The United States’s retreat from Afghanistan will likely result in similar humanitarian crises to those we saw in Vietnam. But as dangerous and difficult as it was for Vietnamese to escape their country after American troops left, the obstacles to Afghans who want to leave will be greater. Landlocked and surrounded by inhospitable if not downright hostile countries, Afghans who supported the United States will find no refuge or safe passage in Iran, Pakistan, Uzbekistan, Turkmenistan, Tajikistan, or China if they’re able to cross their country’s borders. Either we help them leave Afghanistan when our troops leave or they will become scapegoats for the Taliban and, perhaps, even ISIS.

So, what can be done?

First, the administration must devise and implement a plan to evacuate those Afghans awaiting SIVs, just as the United States has done in previous conflicts, including Vietnam, Iraq, and Kosovo. The bipartisan Council on National Security and Immigration last week sent a letter to President Biden calling on the administration to evacuate the 18,000 SIV applicants and their families to a safe location while their applications are processed, provide the necessary funding to relieve the existing backlog in applications, and provide for remote processing of SIV applicants after American troops leave. The Council acknowledged,

this will be a complicated undertaking, requiring extensive resources and bureaucratic coordination in a challenging environment. But time is limited. We believe it is a moral imperative to move as quickly as possible to protect the lives of the Afghan nationals who have sacrificed alongside our American servicemembers and government officials. We urge your administration to take action expeditiously and have evacuation plans underway no later than July 4, 2021.

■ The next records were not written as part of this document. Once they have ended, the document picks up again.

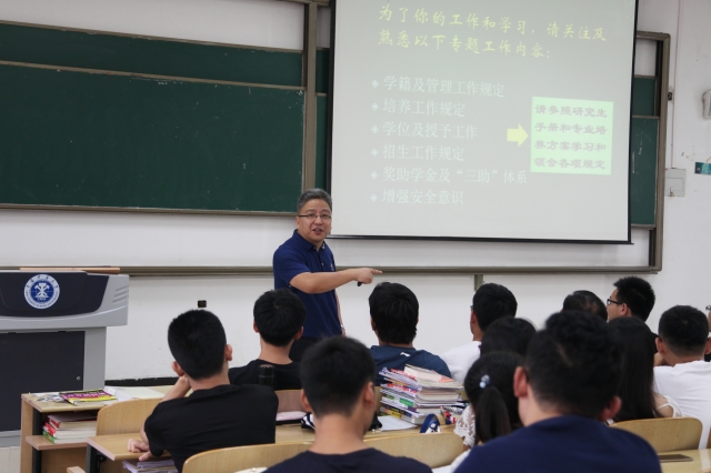 9月13日下午,学院2017级研究生新生入学教育报告会在南湖校区博4楼B101举行。学院科研、研究生副院长韩东太主持报告会并为全体研究生新生做了入学教育报告。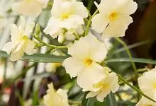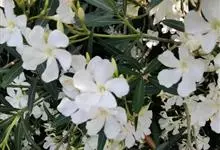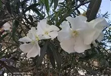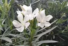 白花夹竹桃是夹竹桃科、夹竹桃属植物夹竹桃的栽培品种。常绿直立大灌木,枝条灰绿色;嫩枝条具稜,被微毛,老时毛脱落。叶3-4枚轮生,下枝为对生,叶面深绿,叶背浅绿色;侧脉纤细平行与中脉成直角;叶柄扁平,…全部>>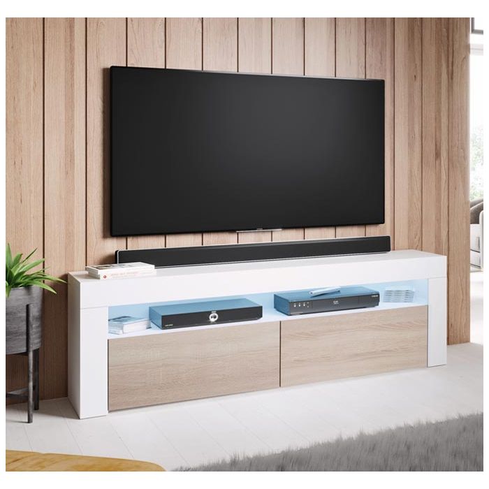 Mueble TV modelo Aker (140x50,5cm) color blanco y sonoma

Second, the administration should ask that Congress authorize additional SIVs, commensurate with the population of eligible persons and their families that exceeds the current pool of applicants. The Afghans who would gain entry to the United States are by and large educated and English-speaking and have demonstrated their loyalty to the United States through years of dangerous work for our military, intelligence, and aid agencies. We would not only be helping them but would enrich our nation, as we did with the hundreds of thousands of Vietnamese refugees, whose education levels surpass those of the U.S. population overall and whose median household income in 2019 was $69,800—substantially above other Americans.

If we fail to do this now, how can we ever again be trusted by those whose help we may need in the future? If the price of helping America is to risk not only one’s own life but that of family members as well, how many will be by our side when we need their help? We have a moral duty to remember those who risked their lives in our cause, but doing so is also a prudent measure to ensure we will have allies in our next fight.

Linda Chavez

Linda Chavez is a senior fellow at the National Immigration Forum and served in the Reagan White House as director of public liaison. Her views are her own and do not necessarily reflect those of any organization.